KR100275193B1 - Semiconductor memory device - Google Patents

Abstract

A semiconductor memory device such as a ROM of the present invention mainly consists of a plurality of memory cells and dummy cells, the memory cells are connected to bit lines, and the dummy cells are provided in parallel with the bit lines, respectively. Is connected to. The memory cell and the dummy cell are selectively driven by word lines arranged to intersect the bit line and the dummy line. A pair of memory cells and the dummy cell which are related to each other are simultaneously driven to the same word line. Data is stored in memory cells in a fixed manner in accordance with a mask program, and inverse data, which is the inverse of the data recorded in the memory cells, is stored in the dummy cells in a fixed manner.
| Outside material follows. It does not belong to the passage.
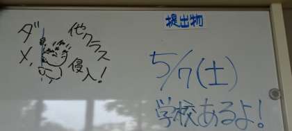 校内を巡っていたら、3年生の連絡ボードに、「5/7(土)学校あるよ」とありました。

A differential sensing circuit is provided that is used to detect the difference between the output of one bit line and the output of one dummy bit line.

Therefore, high speed performance and excellent noise response can be realized in the read operation of the semiconductor memory device. Further, a memory cell (i.e., a MOS transistor) is formed on a silicon substrate, and a dummy cell (i.e., a transistor having a thin film transistor structure) is formed in a film layer laminated on the memory cell. As a result, the semiconductor memory device can be integrated at a high density.

Description

Semiconductor memory device

The present invention relates to a semiconductor memory device such as a mask ROM in which data is stored in a fixed manner in accordance with a mask program.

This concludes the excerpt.